Jibril Rajoub, presidente do Conselho Supremo para a Juventude e o Esporte palestino, observou na conferência de lançamento que a décima edição se dá "num momento político e humanitário extremamente complexo". Em sua fala, Rajoub sublinhou que o esporte palestino passou a ser uma ferramenta para conjugar dor e esperança, tornando-se um código de resistência e um apelo a direitos humanos básicos.
As autoridades do governatorato de Belém enfatizaram que o evento transcende a dimensão esportiva: tem reflexos políticos, culturais e turísticos, sobretudo em face da grave crise econômica provocada pela guerra em Gaza e do brusco declínio do turismo. A maratona, nesse sentido, atua como um instrumento de visibilidade internacional e de recuperação simbólica do espaço urbano.

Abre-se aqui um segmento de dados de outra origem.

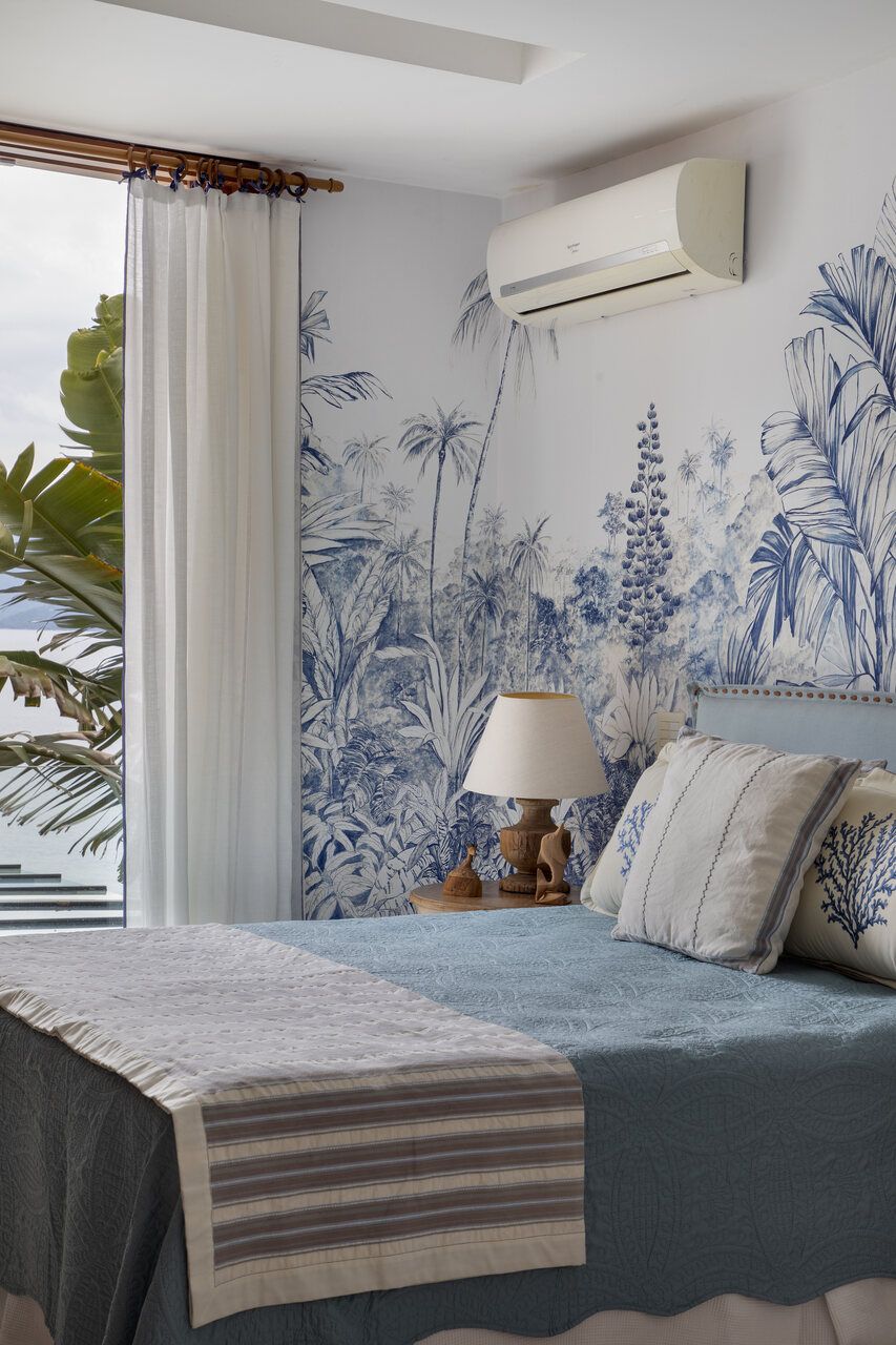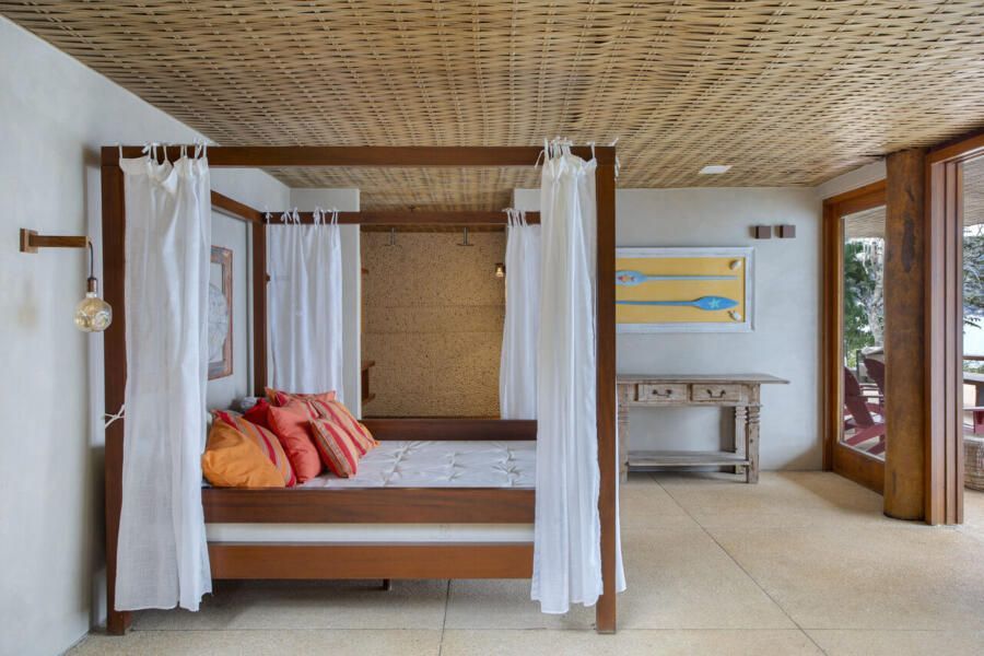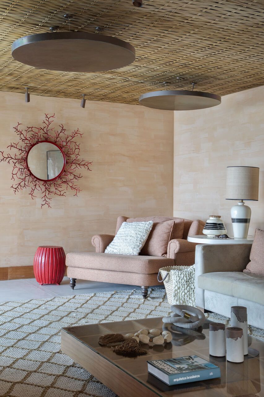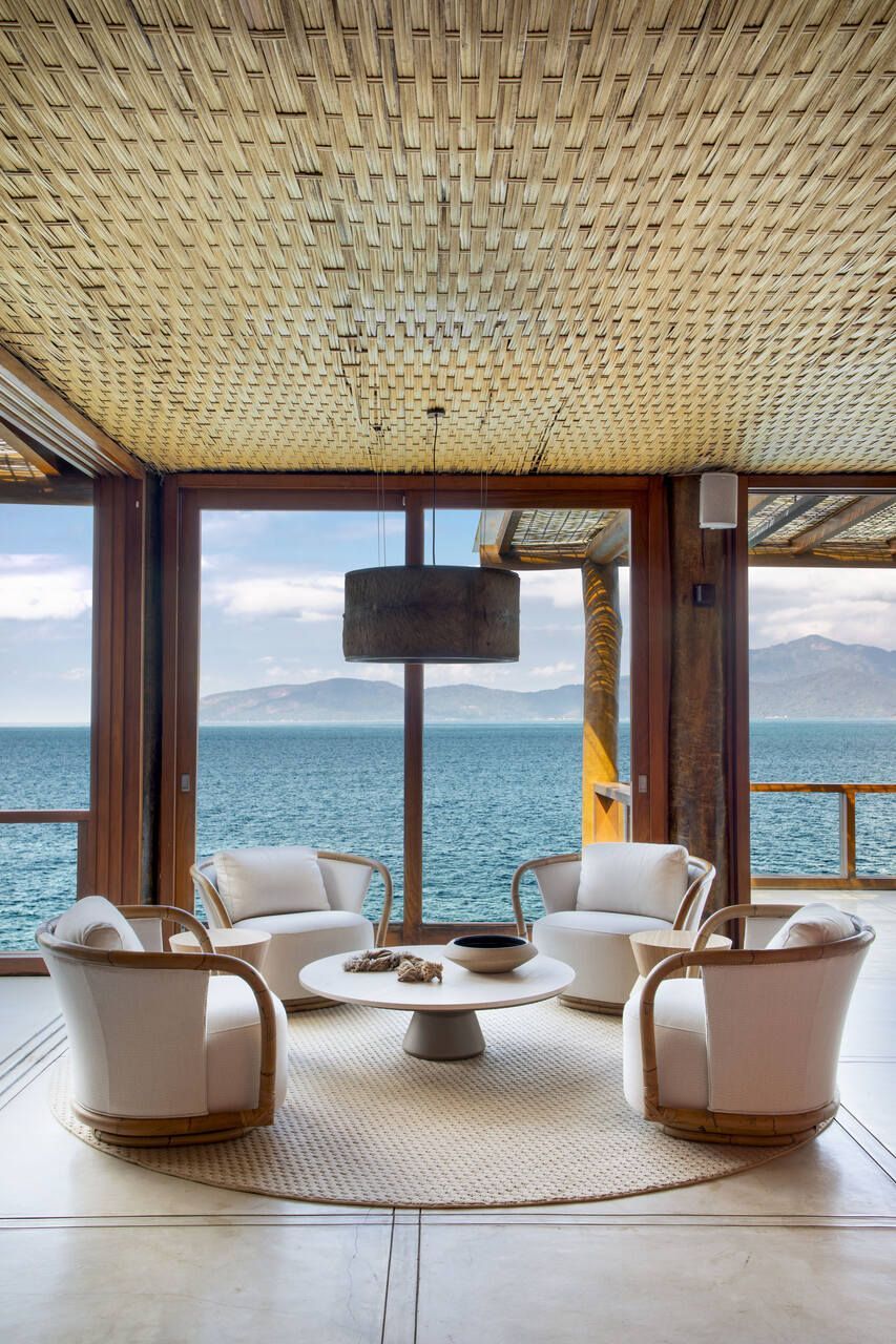 Na decoração, poucas peças foram mantidas, como a cama e as mesas de cabeceira da suíte do casal, a mesa de jantar e o camão no spa. O restante do mobiliário foi escolhido para incentivar o relaxamento e a contemplação da paisagem, com peças grandes, confortáveis e integradas ao entorno. Entre os destaques estão as poltronas Astúrias, de Carlos Motta, posicionadas na varanda voltada para o mar, que equilibram design assinado e descontração. A paleta de cores neutra, com branco, bege e off-white, recebe toques de azul e verde-água, além de madeira clara e palha, criando um pano de fundo elegante para valorizar a vista.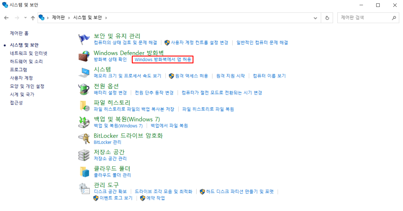 3. Windows Defender 방화벽 > Windows 방화벽에서 앱 허용 클릭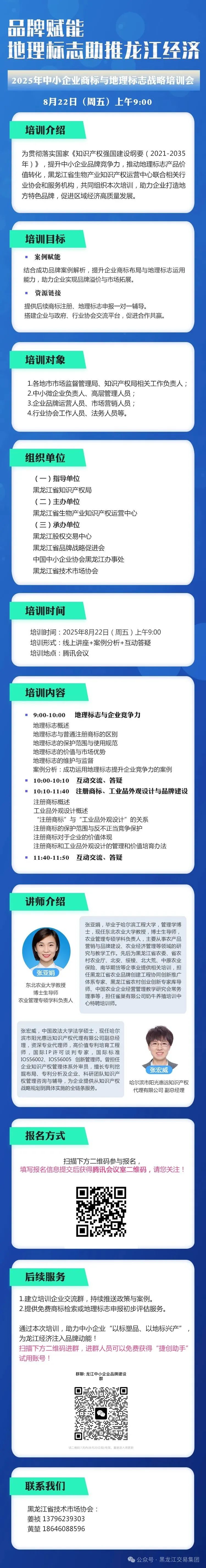 由黑龍江省知識產(chǎn)權(quán)局指導(dǎo),黑龍江省生物產(chǎn)業(yè)知識產(chǎn)權(quán)運營中心主辦,黑龍江股權(quán)交易中心、黑龍江省品牌戰(zhàn)略促進會、中國中小企業(yè)協(xié)會黑龍江辦事處和黑龍江省技術(shù)市場協(xié)會承辦的2025年中小企業(yè)商標(biāo)與地理標(biāo)志戰(zhàn)略培訓(xùn)即將舉辦,歡迎相關(guān)從業(yè)人員積極報名參加。

Como analista de geopolítica, vejo nesse episódio um exemplo de soft power em ação: o esporte como meio de comunicação política e de mobilização moral. Em termos de Realpolitik, a reativação da maratona é também um movimento no tabuleiro de poderes — um gesto que altera percepções e busca reconstruir, tijolo por tijolo, os alicerces frágeis da diplomacia em uma região marcada por tectônicas de influência.
Ao transformar o percurso em um corredor de testemunho — do portão da Natividade às bordas do muro —, organizadores e corredores narram uma mensagem que ultrapassa o tempo de prova: a ∫persistência da vida e a insistência por reconhecimento numa arena internacional que, frequentemente, opera por mapas e por eixos de influência invisíveis.
Esta décima edição reafirma que o esporte, quando articulado com memória e direitos, pode ser uma linguagem de união e resiliência. A maratona não apaga a violência nem resolve dilemas políticos complexos; porém, como jogada estratégica, reposiciona atores, convoca solidariedades e evidencia a capacidade de uma sociedade em transformar a pista em tribuna.